Whatever happens results-wise, after three months of championship inactivity players will be inundated with games for the next six weeks.
Player welfare is a term often used in sports but particularly in G.A.A. Training plans, fixtures and schedules are supposedly designed around making sure young players are protected physically and mentally from the dreaded burn-out.
County teams are banned from starting training until a specified date, which we all know is strictly adhered to (yeah, right). I think the welfare of club players is one that authorities should be looking at in more detail and paying more attention to.
A prime example only occurred in our own county two weeks ago. A number of dual players in many clubs played a round of Minor hurling on Monday, Under-21 hurling on Tuesday, Junior hurling on Thursday and Minor football on Friday, all championship games.
The parents and supporters were burned out travelling and watching them, never mind the players! We can't blame the County Board because they have a small window of opportunity to get games played due to inter-county fixtures and exams, so it is difficult to see where the solution lies.
Something needs to be done to address the lack of game time for several months of the summer and then a rush of games to finish off the year. Gaelic games are supposed to be summer sports but the way fixtures for club players are panning out, it will be summer in the southern hemisphere calendar.
The CPA has made recommendations; the GPA has a plan, and specially-appointed hurling and football committees have their own ideas. Every unofficial committee in every pub in Ireland also has the perfect solution.
A meeting of minds is badly needed to find a solution that makes sense and gives club players regular games which is an urgent requirement in the G.A.A.

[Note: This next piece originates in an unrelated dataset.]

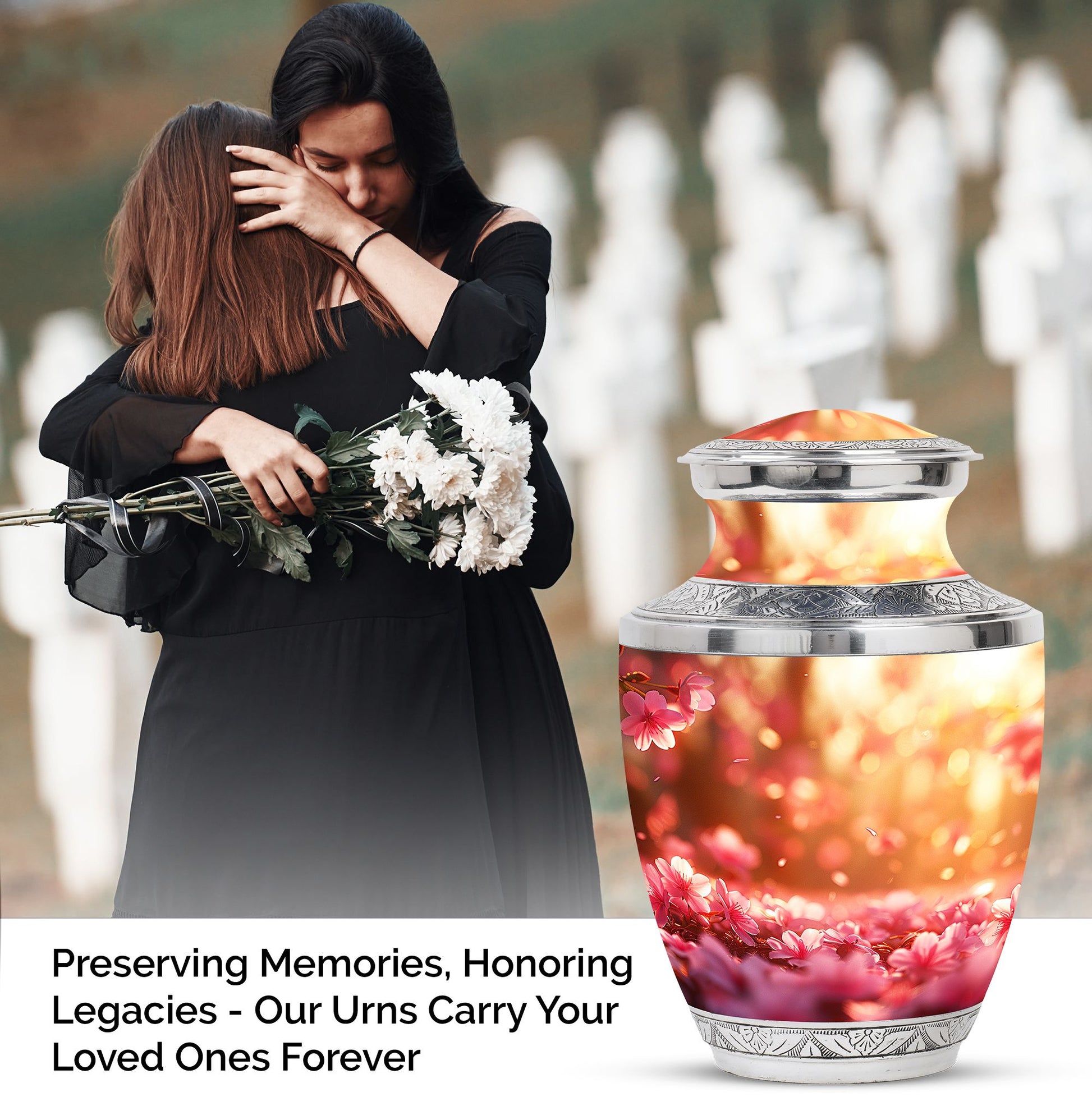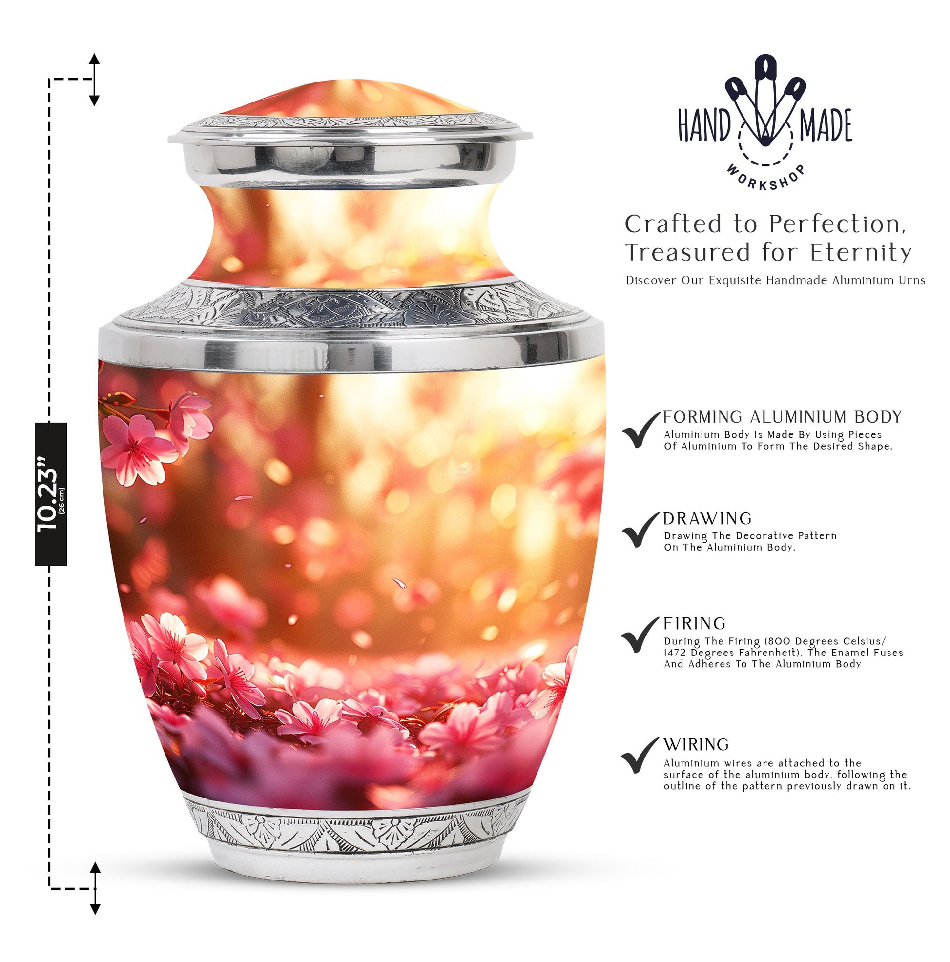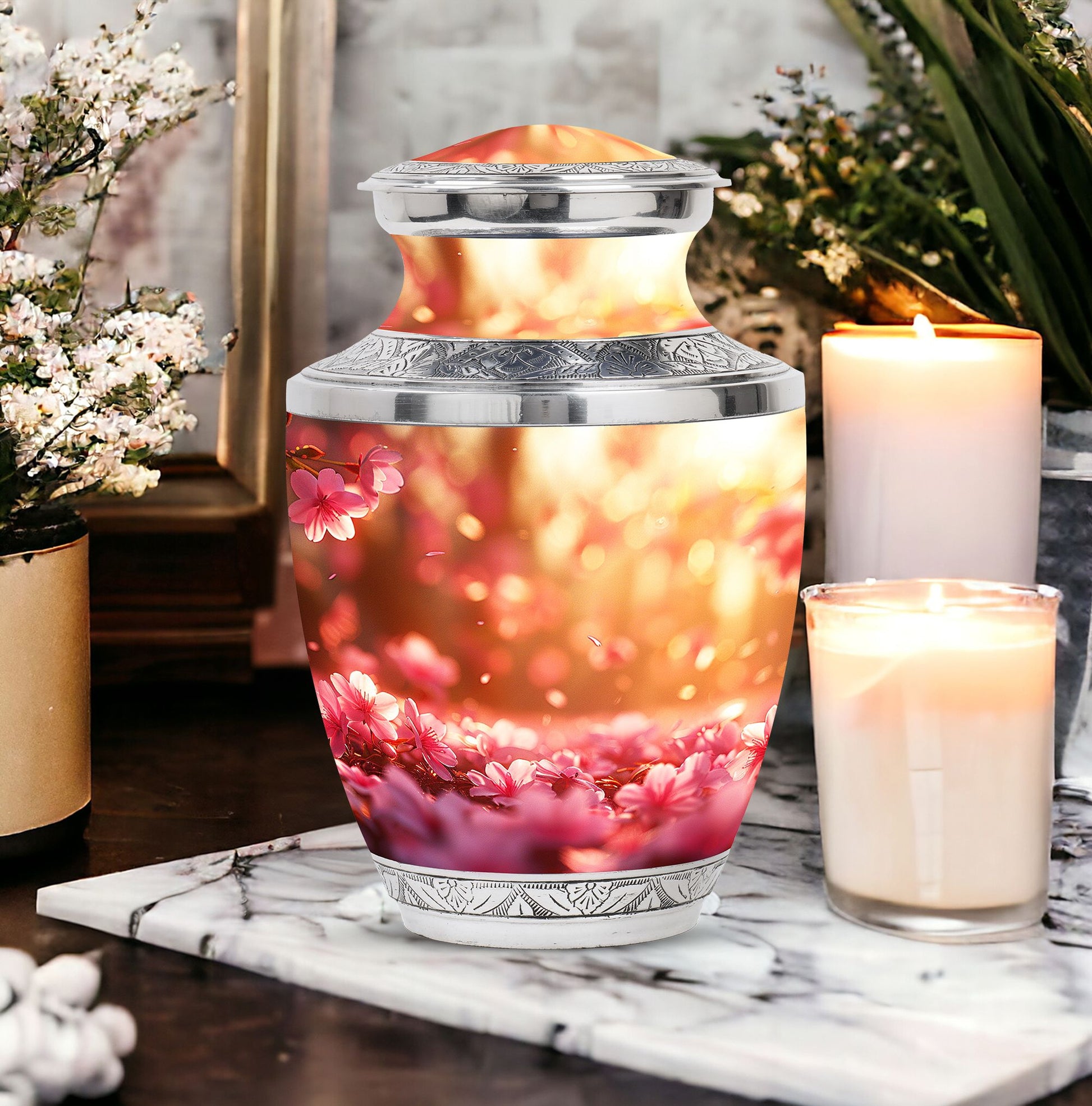 Discover our exquisite Pink Flower Urn, a vessel of honor and dignity. This elegantly crafted cremation box offers a unique way to pay tribute to your dearly departed, serving as a loving ashes holder for those precious remnants. The urn's charming representation of a blooming flower symbolizes the cycle of life and death, portraying a message of hope, life, and undying memory. It’s a breathtaking fusion of artistry, emotion, and purpose. Crafted with care and attention to detail, our memorial urn rides high on uniqueness, seamlessly weaving uncommon terminologies into its design and purpose. A Funeral urn of this stature serves as an ideal option when seeking a dignified final resting place for your loved one. With this majestic cremation urn, keep their spirit alive and let their memory bloom in your heart forever. Please note, our offerings cater exclusively to adults and seniors who value products of this category, with a deep understanding of their symbolic significance.

Research has shown that the G.A.A. is losing the interest of club players at an alarming rate all over the country, so it is time to heed the warning.
It's almost the time of year for the start of soccer season in England, and the transfer market has kept us all amused with the outrageous fees being paid.
The most ridiculous one is the €222m price tag quoted for Neymar, the Brazilian player currently with Barcelona, which includes a wage offer of €66m per year.
For that price I'd want him to score a hat-trick every week, manage the youth team, train the Under-10s every Sunday morning and sweep the dressing-rooms…in fact sweep the stadium for that money.
Lest people think he was holding out on making a decision because of his love for Barcelona, last October he signed a contract to keep him at the club.
His father is due €26m from that deal only if the player stayed until after July 31, 2017. I'd say there's a good chance he'll sign for PSG this week. Talk about keeping it in the family.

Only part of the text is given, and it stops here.